西表やまねこ診療所

「総合病院を飛び出し、ボクは島医者になった」

本書の表紙に小さく書かれている言葉である。著者は元々歯科医を目指していたのだが、幅広い医術を学び、実践できることから医師になった。その後総合病院に勤めたのだが、ある事情により島医者になった方である。

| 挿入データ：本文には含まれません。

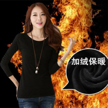 2016冬季加绒加厚打底衫女贴身上衣圆领保暖内衣修身外穿长袖小衫
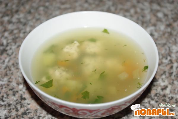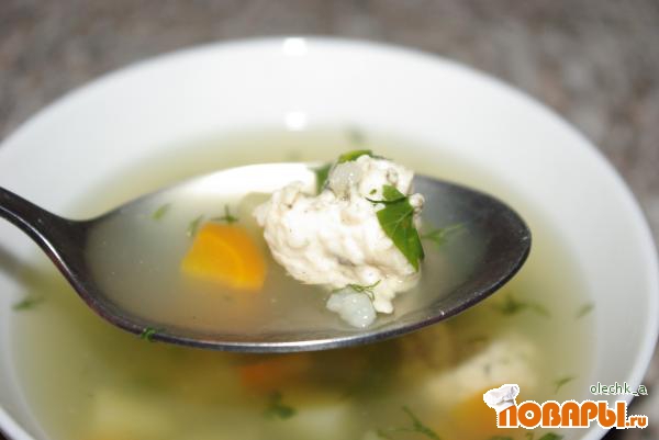 Я фрикадельки всегда отвариваю отдельно, в таком случае они не пропитаются овощами, а будут "мясными" и бульон в супе будет прозрачный.
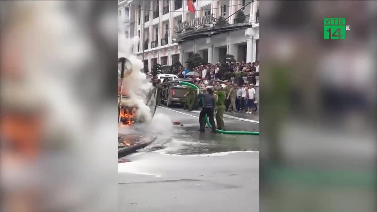 Chiều 4/8, một chiếc xe limousine đang dừng đỗ bên đường tại thị trấn Sa Pa, Lào Cai bỗng dưng bốc cháy, tình huống cấp bách khiến lực lượng chữa cháy phải dùng đến xe hút bể phốt để dập lửa.
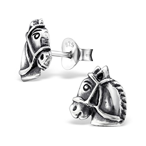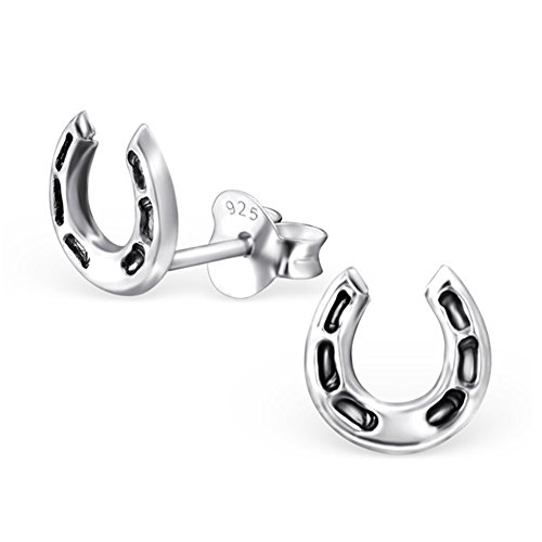 2 paia di orecchini da bambina, in argento 925, motivo: cavalli e ferri di cavallo, 8 mm.
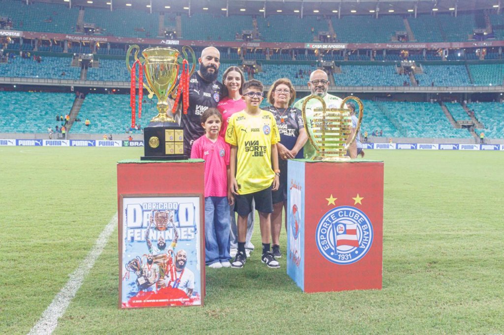 Após anunciar sua aposentadoria no BahêaCast da última terça-feira (2), o goleiro Danilo Fernandes foi homenageado pelo Bahia antes e após o triunfo de 2 a 0 sobre o Sport, válido pela 37ª rodada do Brasileirão 2025. Danilo disputou pelo Tricolor 64 jogos, vencendo dois Campeonatos Baianos (2023 e 2025) e uma Copa do Nordeste (2025).
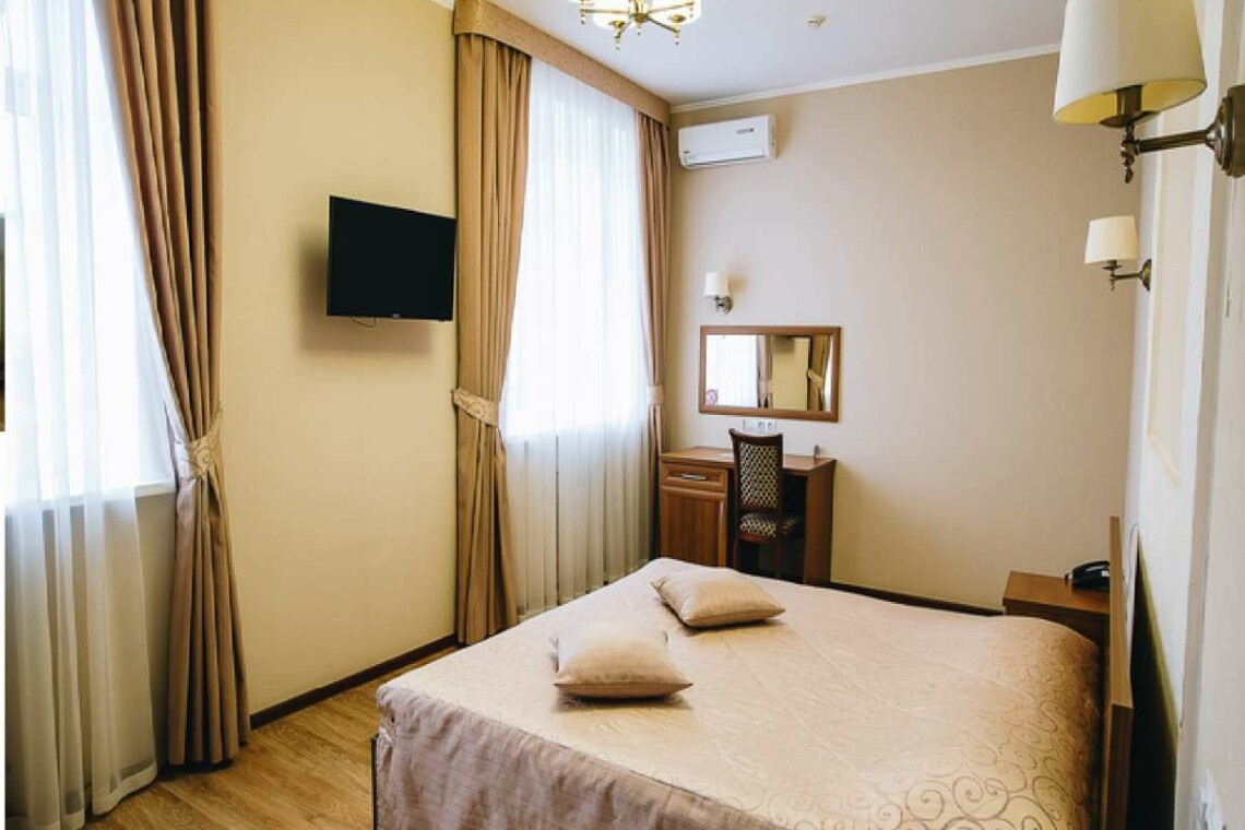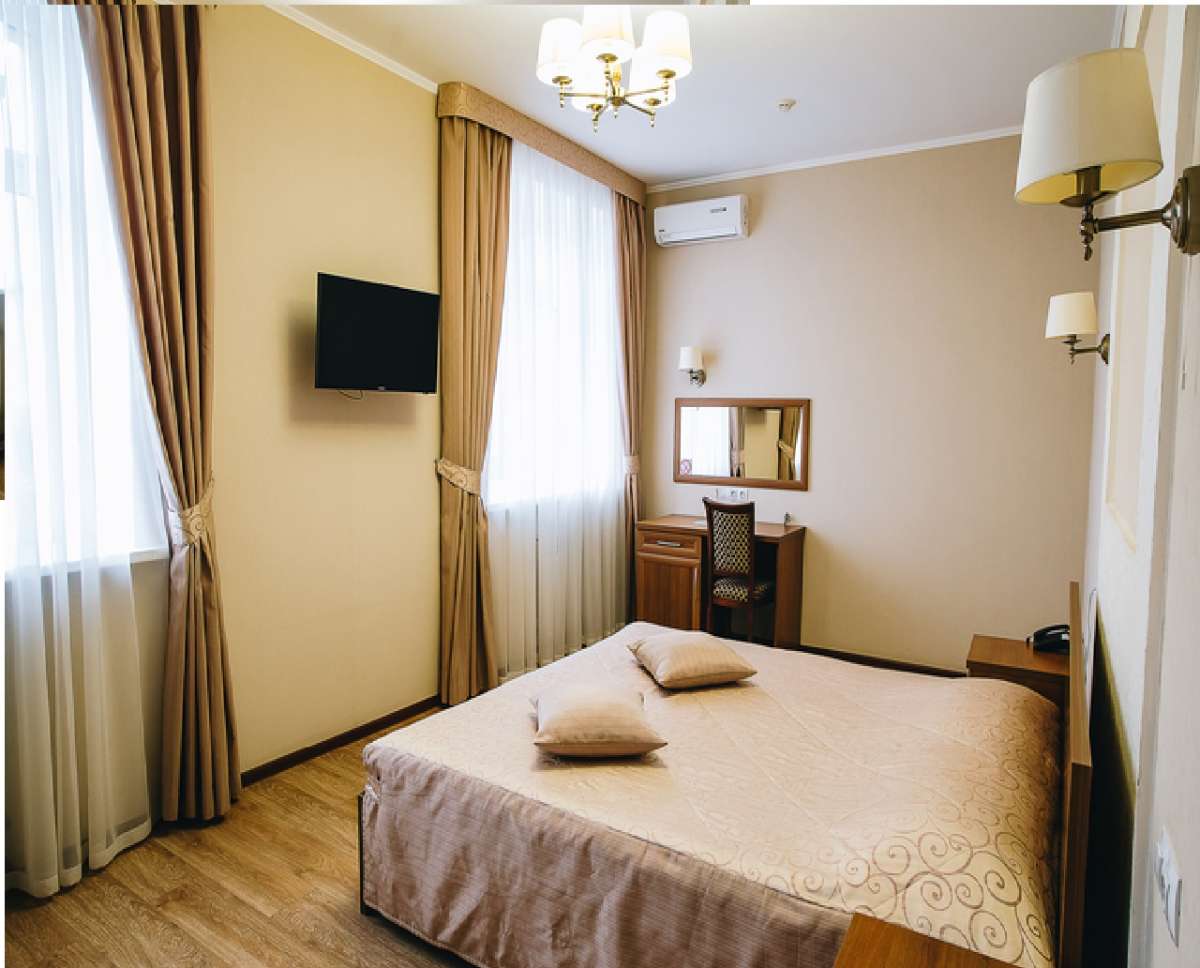 В каждом номере: • 1 двуспальная кровать либо 2 полуторки; • 2 прикроватные тумбочки; • шкаф-купе; • письменный стол и стул; • журнальный столик; • холодильник; • кондиционер; • телевизор; • сейф; • фен; • тапочки, полотенца, косметика.

島医者になったのは2002年5月、今から13年も前のことだが、なぜ彼は島医者を選んだのか、そして島医者になって5年間の生活はどうだったのか、本書はそのことについて綴っている。

第1章「島医者への道」
最初にも書いたように医者としての著者のキャリアは総合病院から始まった。それから研修医として病院を転々としながら外科医として充実した毎日を送っていた。しかしその日々を過ごすことである「違和感」があった。そしてある出来事をきっかけにその「違和感」が頂点に達し、医療について自問自答するようになった。その自問自答で得た答えこそ、島医者になるきっかけとなり、総合病院を離れ、沖縄県の西表島の診療所に赴任することになった。

第2章「そして離島医療の最前線へ」
西表島の診療所に勤め始めてから、自分自身の限界を知るようになり、その限界を広げるべく努力を重ねていった。また診療所に通う方々、同じ診療所で働く看護師や事務員、そして島に住んでいる方々との交流もあった。
しかし、元々は外科医だったので、専門外の医療も行う必要がある。また連休になると、観光客の診療も行うため多忙になるのだという。

第3章「絶海の孤島で最善を尽くす」
どんなことでも最善を尽くしていけないのは、島医者も同じ事である。しかしその「どんなこと」と言うのが本章で表しているものであり、それは何なのかというと「台風」である。毎年台風が接近したり、上陸したりして、西表島は暴風雨になるのだが、そのような状況でも診療を続けるために模索を続けながら、最善を尽くしたという。

第4章「ボクの“記憶のカルテ”から」
著者が診療する方々は島民もさることながら、観光客も対象にしている。診療する方々の中には、始めて見るような病気もあれば、島特有の病気・けが、さらには観光客に多いのだが、島の医療状況を知らない方々への説明などがある。多種多様な患者がやってくる診療所では様々なドラマがあるのだが、その一端を垣間見ることができるのが本章である。

第5章「“ハッ見”多い島医者生活」
島医者をしている中で様々な「発見」がある。その「発見」に著者が「ハッ」とするから本章のタイトルは“ハッ見”と記載されている。その「ハッ見」する機会は学校や地域の祭り、島特有の動物など、様々なものがある。

第6章「理想と現実のはざまで」
島医者というと地域に愛され、それでいながら地域住民に寄り添いながら生きるというイメージがある。現実はどうなのかというと、それに近いのだが、医師として心がけなければならないこと、学ばなければならないことがたくさんあるという。また「現実」と言うと「医者不足」があるのだが、それについて言及している。

そもそもなぜ本書を手に取り、取り上げようと思ったのか、それは「Dr.コトー診療所」「瑠璃の島」などのドラマを観て、島医者とは何かをわずかながら知ることができた。そしてニュースにて第6章で取り上げた「医師不足」を目の当たりにし、医療とは何かを考えていた。その矢先に出会ったのが、本書である。離島で医者を務めている方はどのような理由からそのキャリアをスタートしたのか、そして島医者の魅力とは何か、それをダイレクトに知ることができる一冊である。